I was reading the new version of the manuscript, and couldn't help but notice that in Figure A.6 the captured variance is defined as (in the notation of this thread) $| V^ \Sigma V |_F^2 / | \Sigma |_F^2$. Now, let's say that we did not compute an approximated basis, but we computed all the $N^3$ vectors. Wouldn't this always return 1? Since $| V^ \Sigma V |_F^2 = | \Sigma|_F^2$.

In the case of the paper, let's say we find any other $U_{k - N^3}$ vectors that are orthogonal to $U_k$. Then this would also happen. Is this an intended feature of this metric?

For the case in your previous comment, we would have $| V^* U S^{1/2} |_F^2 = |S^{1/2}|_F^2$, so the subspace we are testing (the one given by V) would be irrelevant to the metric.

The reason I started thinking about this is that I noticed that the d(V, U, S_U) defined above is not the same as the definition in the paper in Figure A.6. Is it that this metric only makes sense if you have a truncated basis?

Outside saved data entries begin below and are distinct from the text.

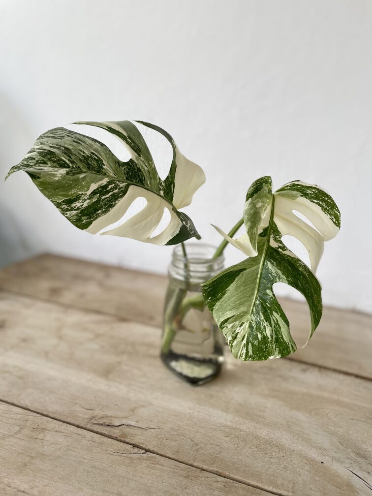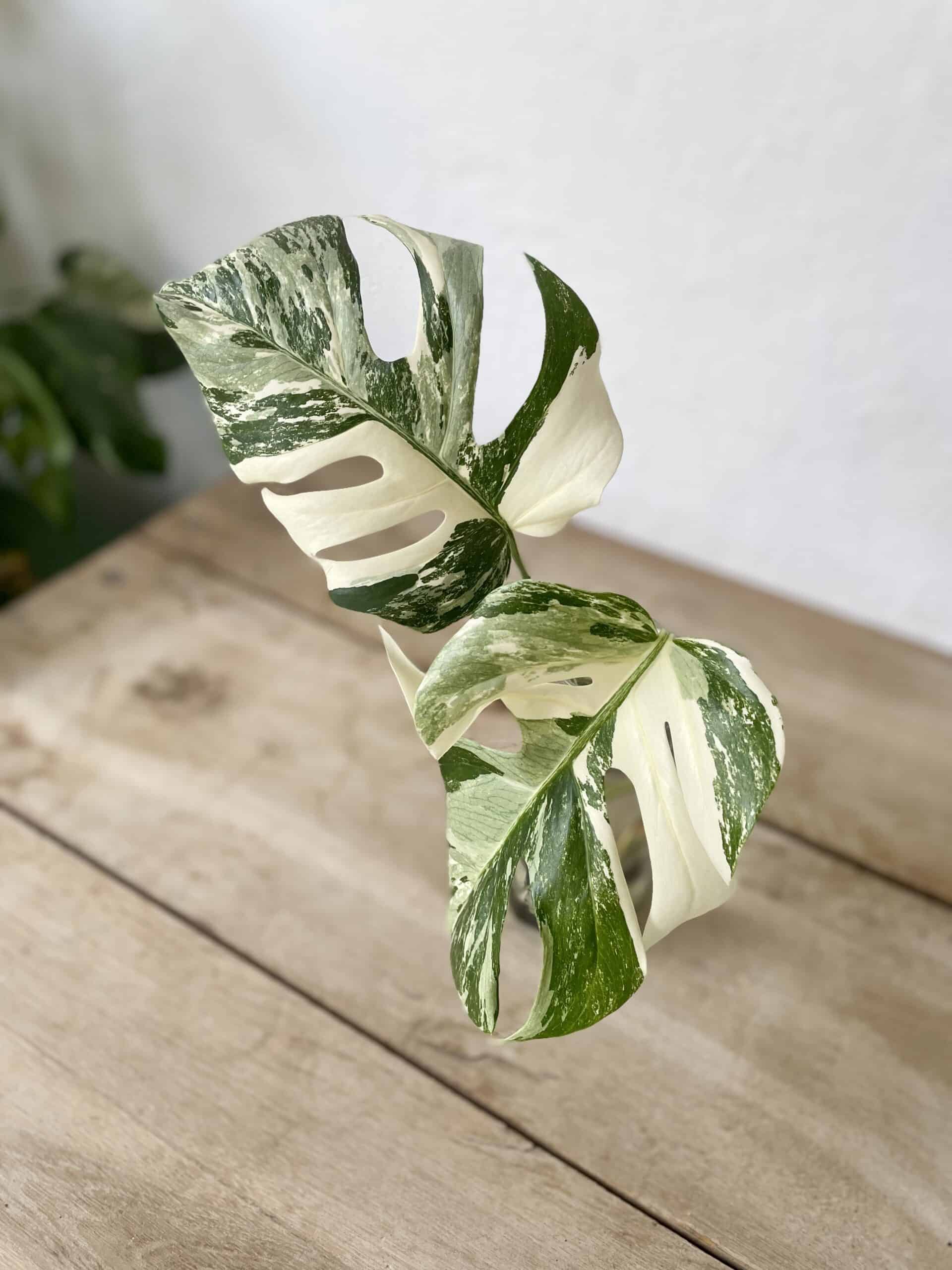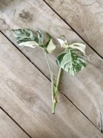 Widoczna na zdjęciu roślina: Monstera Variegata sadzonka szczytowa ma wysokość około 40 cm. Jej doniczka ma 1 cm średnicy oraz 1 cm wysokości.
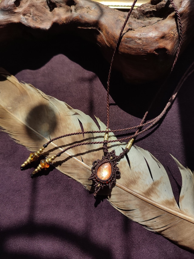 サンストーンを使ったペンダントのシリーズ 神秘のご紹介です 太陽を象徴するサンストーンはムーンストーンと同様にとても人気のある石です このドロップ型のピースはギラっと強い光を持っており、とても強い存在感を感じます 星の神秘、天体の神秘、私たち人間にはまだまだ未解明の神秘がこの星にも宇宙にも散りばめられています。そんな僕なりの神秘を形にした作品となります タイトルに神秘と名付けさせていただきました 神秘のシリーズでは、地球のエレメントを感じられる編み込みを意識しています 水や土、火や風を表す編み込みを絵画の様な地球の神秘である鉱物にはめる額縁のように お祈りを込めた作品となります 使用したワックスコードの色はダークブラウンです 石のサイズは(縦x横x高) 17x14x7mm 全体のサイズは (縦x横x高) 40x22x7mm 使用したビーズはアンバーででエンド部分はシンメトリーデザインを採用し、様々な着こなしにも合わせられるシンプルな形に仕上げました ネックレス紐はココナッツのアジャスター付で最長で約92cmでま可能となります この地球のかけらと皆様が共に末永く光り輝き続けますように :::::::::::::::::::::::::::::::::::::::::::::::::::::::::::::::::::::::::::::::::::::::::::::::::::::::::::::::::::::::::::::::::::::::::::::::::::: *近年目に余るほどのデザイン等の盗作や模造品があることにとても心を痛めております 私としては著作権などもありませんが、お迎えくださる持ち主様にこの世でたった一つのも のをご提案したいと考え、とても時間を注いで制作しております 同業者の方にはどうか今一度自身の物造りへのあり方を振り返っていただけたらと思います それぞれがそれぞれの色で表現をできたら多種多様なアートが見られる世界になるのかと思います* 天然石を素材にしているため、中には石特有の内包物(インクルージョン)や、自然の欠け(クラック)等が見うけられるものもございます。 クラック、インクルージョン等に関しては、本物の天然石ならではの個性としてご理解・ご了承願います。 ※ご使用のパソコンモニター・ディスプレイの環境設定により商品の色味や質感などの見え方が異なる場合がございます。 商品のイメージを忠実に再現する努力をしておりますが、実物と多少の違いがあることご了承願います。
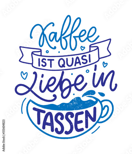 Hand drawn funny lettering quote about Coffee in German - Coffee is like love in cups. Inspiration slogan for print and poster design. Cool for t shirt and mug printing.
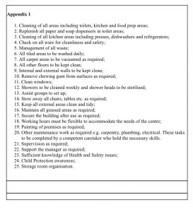 The Caretaker will report to the Manager and will be responsible for the daily upkeep of the Community Centre.
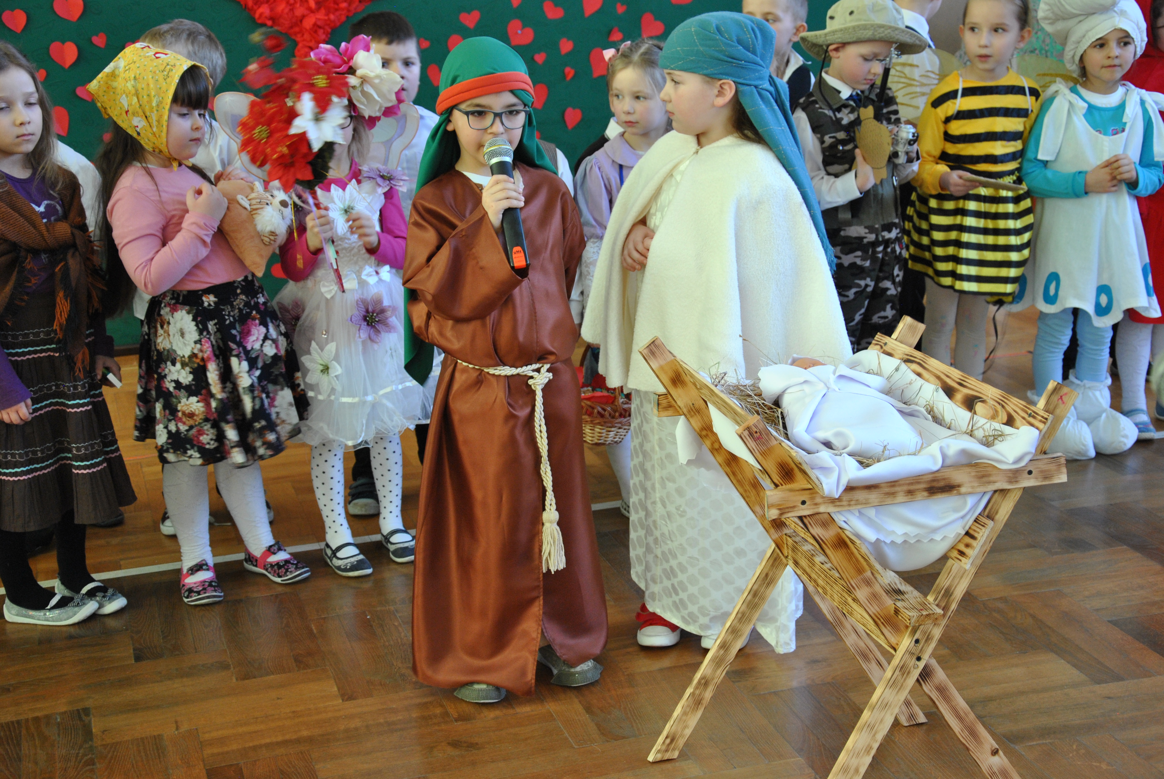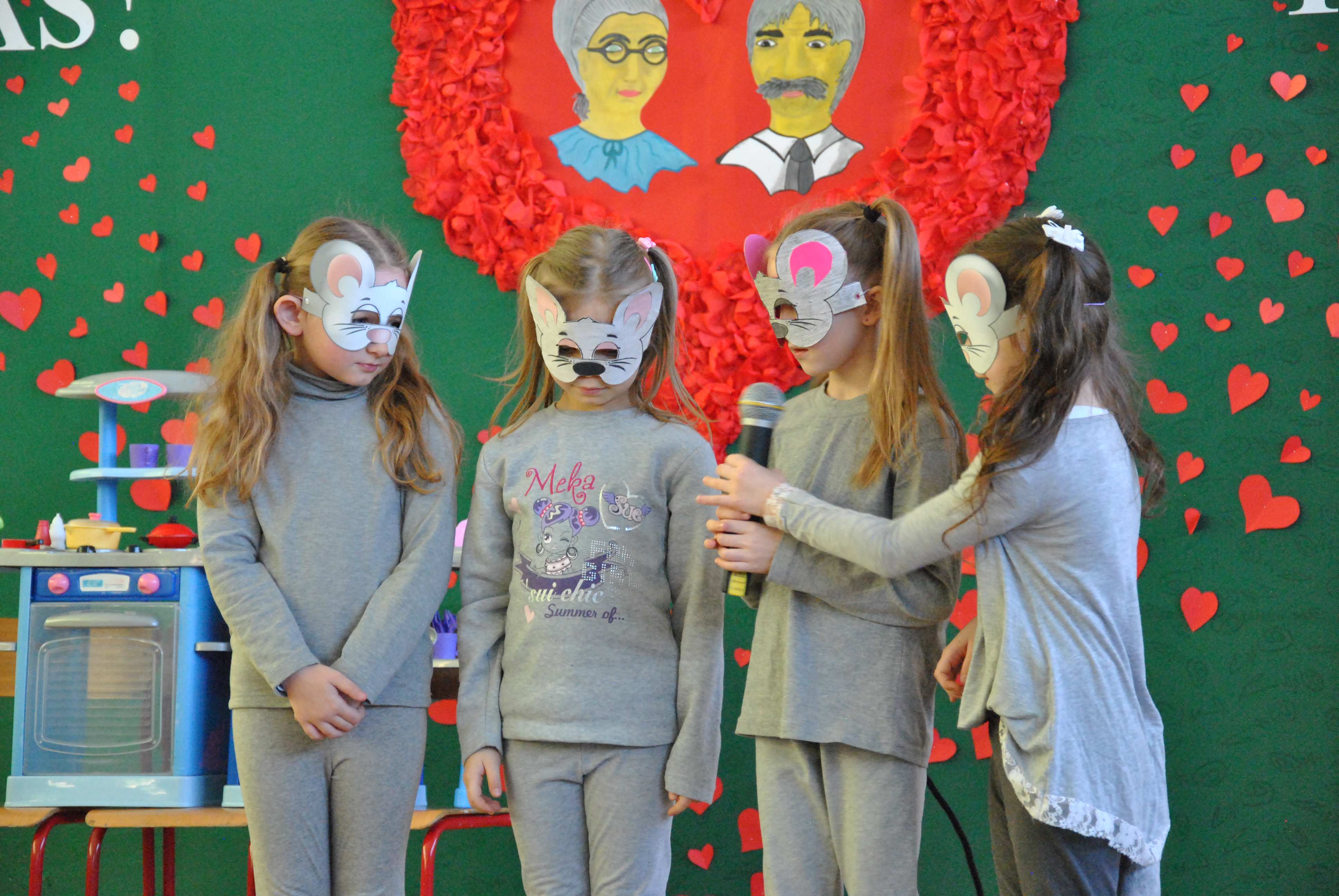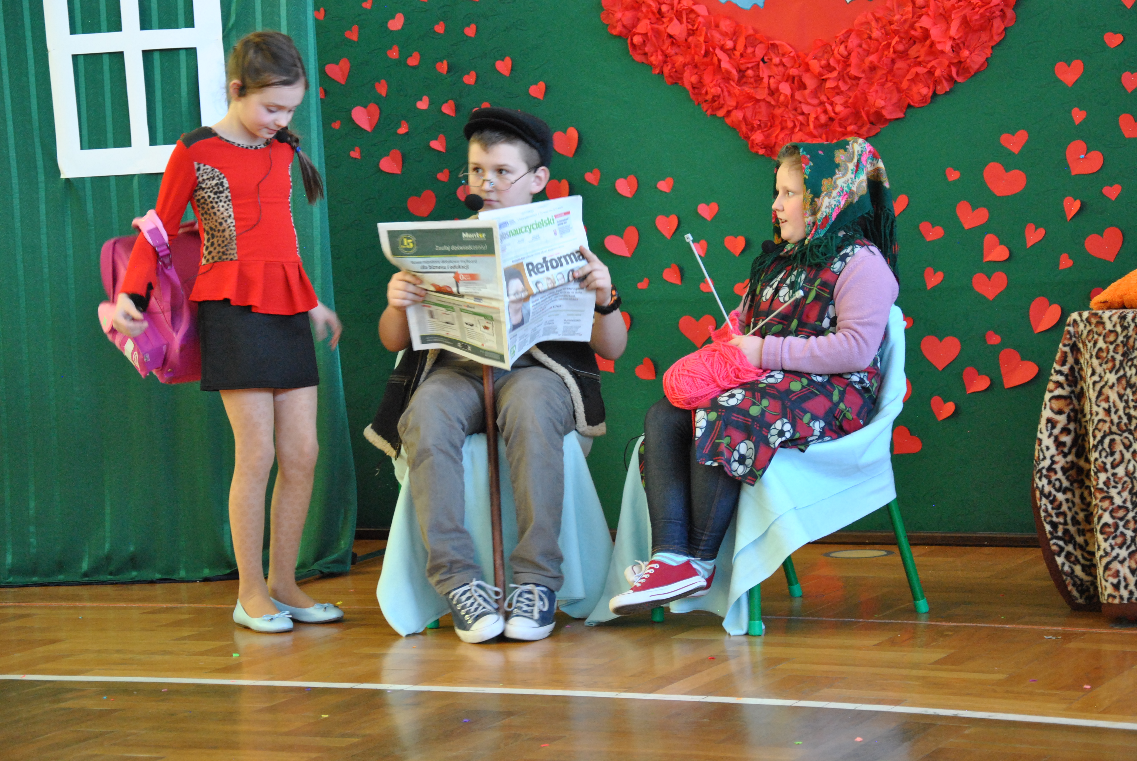 Następnie przedszkolaki oraz uczniowie klas I – III zaprezentowali ciekawy i bogaty program artystyczny. Występ rozpoczął się od przedstawienia „Babcie bywają różne” w wykonaniu młodszej grupy przedszkolaków, następnie grupa starszaków zaprezentowała „Bajkowe jasełka” oraz „12 życzeń dla Babci i Dziadka”. W kolejnej części uroczystości dzieci z klasy I przedstawiły inscenizację „Jak to z babcią i dziadkiem było”, następnie uczniowie klasy II zaprezentowali „Koncert życzeń”, zaś uczniowie klasy III wystąpili w przedstawieniu „Babcia i Dziadek – dawniej i dziś”.
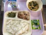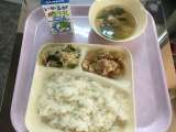 4月19日(木) 「豚肉のしょうが焼き、みそ汁、じゃこピーマン、抹茶大豆」 ...
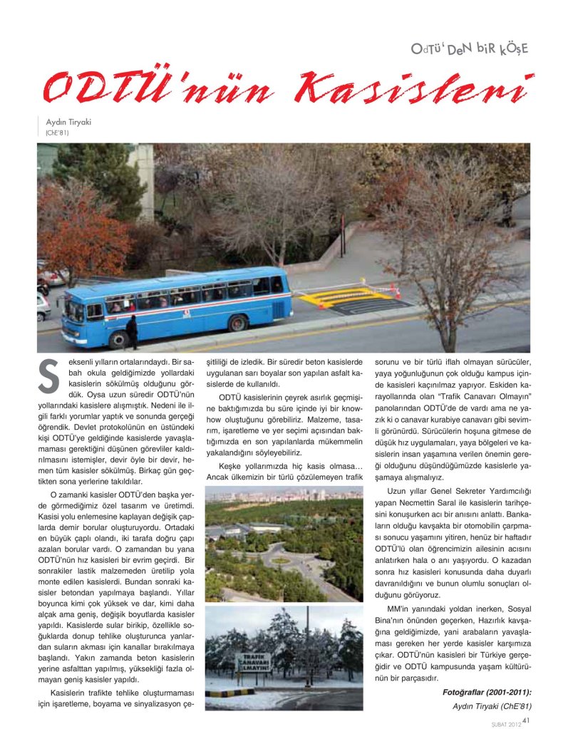 Keşke yollarımızda hiç kasis olmasa… Ancak ülkemizin bir türlü çözülemeyen trafik sorunu ve bir türlü iflah olmayan sürücüler, yaya yoğunluğunun çok olduğu kampus içinde kasisleri kaçınılmaz yapıyor. Eskiden karayollarında olan “Trafik Canavarı Olmayın” panolarından ODTÜ’de de vardı ama ne yazık ki o canavar kurabiye canavarı gibi sevimli görünürdü. Sürücülerin hoşuna gitmese de düşük hız uygulamaları, yaya bölgeleri ve kasislerin insan yaşamına verilen önemin gereği olduğunu düşündüğümüzde kasislerle yaşamaya alışmalıyız.

ma-gilles commented 1 month ago

I think everything you said is correct and it only makes sense with a truncated basis. But I think that is the case for every metric on subspaces. E.g., any two n-dimensional subspaces of R^n are just all of R_n and thus would have a "largest principal angle" of 0. In this case, it would be interpreted as 100% of the variance is contained in R^n, which makes a good amount of sense.

Yes, there is an error in the preprint that's what I meant in the previous comment... This is what is in the newest version (online at some point, which I think is correct...):

The accuracy of the principal component is described using the percent of the captured variance, computed as

$$ | (U_k^* \Sigma U_k)^{1/2} |_F^2 \big / | \Sigma^{1/2}|_F^2 $$

, where $U_k$ is the matrix containing the first $k$ estimated principal components, $\Sigma$ is the true covariance matrix and $\Sigma^{1/2}$ is the matrix square-root, so that

$$ | A^{1/2} |_F^2 = \sum \sigma_i( A^{1/2})^2 = \sum \sigma_i(A) $$

where $\sigma_i(A)$ are the singular values of $A$.

If you force $U_k$ to be of dimension $k$ then this is maximized by the first $k$ singular vectors (the 'exact' curve in the paper). The motivation is that the only thing I care about for my work is: how much of the variance is captured in the estimated subspace, maybe it's not so relevant to what you're doing.

DSilva27 commented 1 month ago

Thank you! This is actually exactly what I need. Sorry about the confusion, I just wanted to make sure I understood the meaning of the metric. The explanation about how $R^n$ captures all the variance makes a lot of sense. Also, I really enjoyed reading through the new preprint

I think I have no more questions regarding this. I will not close the issue in case you want to keep it open for visibility.